When we got home, I started playing with the toy and soon realized I made a horrible mistake. To make matters worse, I had to wait two weeks instead of one to get the toy I wanted. I’ll never forget that moment. To this day, I would rather wait to get what I want instead of settling for anything less. 

A SECOND BIG MONEY MOMENT

Another impressionable money story occurred when I rummaged through a box of books at our home one dull summer day. I am probably 11 or 12 at this point. I stumbled across a personal finance book. I don’t know what it was about that book, but I pulled it out of the box and read it. It intrigued me. I had no idea at that time that I would venture into the wonderful world of personal finance. But, looking back on it, it was telling of things to come.

SAVING WAS MORE ABOUT FEAR THAN ANYTHING ELSE

Team Sammy: Please share with us an early saving memory.

Michael Thomas, Jr.: I did not start saving money until I got my first job at the local grocery store that I had no clue I was getting.

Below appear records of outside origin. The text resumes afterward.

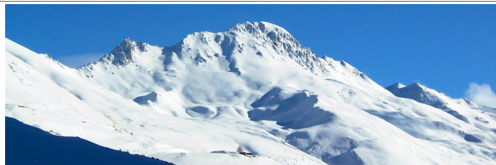
Fontgillarde dans la vallée de l'Aigue Agnelle sous le Grand Queyras

Le territoire permet de pratiquer le ski de randonnée alpine, le ski alpin, le surf des neiges, le ski de fond, la randonnée nordique, le télémark ou les raquettes à neige.
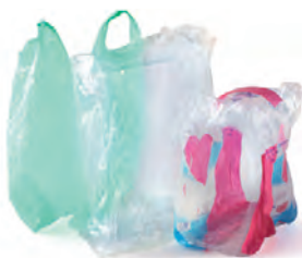
Suremballages, sacs et films en plastique
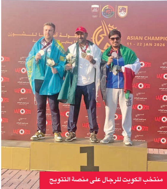
منتخب الكويت للرجال على منصة التتويج
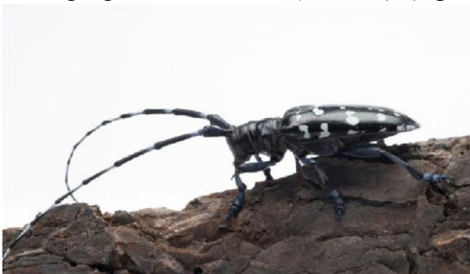
1 pav. Citrinmedinis ūsuotis Anoplophora chinensis (Forster).

Iki 2008 metų buvo priimta ir dokumentuose nurodomi du skirtingi kenkėjai: citrinmedinis ūsuotis ( Anoplophora chinensis Thomson) ir baltataškis ūsuotis ( Anoplophora malasiaca Forster). Plačiau ištyrus kenkėjus buvo pripažinta, kad tai yra tas pats kenkėjas ir pavadintas vienu vardu – citrinmedinis ūsuotis Anoplophora chinensis (Forster) (1 pav.).
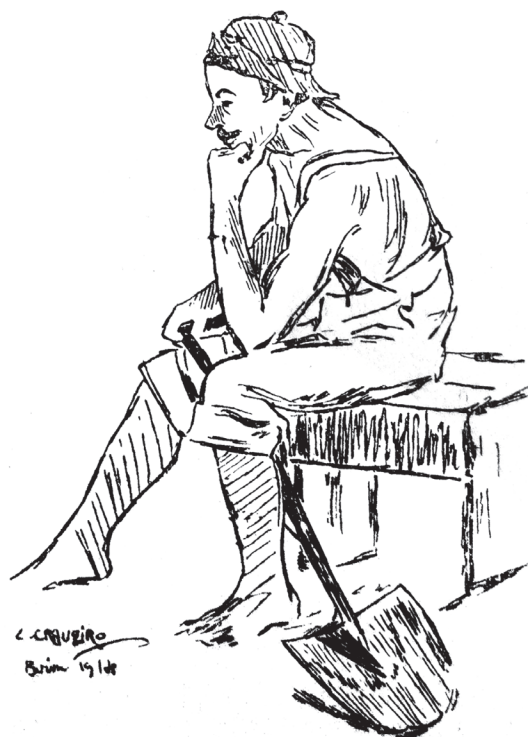
Figura 4: Caricatura de Craveiro, por Cândido Craveiro
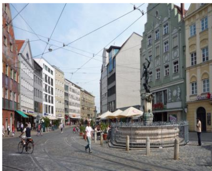
アウグスブルクの街並み
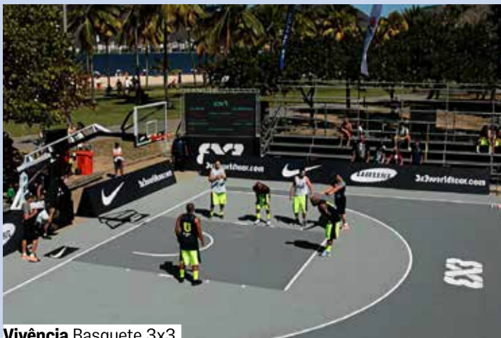
Vivência Basquete 3x3

My mom came home one day and said, “You have an interview.” Things were tight with money in my household. Setting up the interview was an indirect way of my mom saying I need help. 

Saving money, for me, was more about fear than anything else. I feared that we would need money to pay a bill or for groceries. So I saved money, a lot of it, as a way to buffer anything that my mom might need. As a 16-year-old, at one point, I had over $2,000 in cash sitting in my shoebox. It was our rainy day fund, and I always felt a sense of comfort knowing that it was there.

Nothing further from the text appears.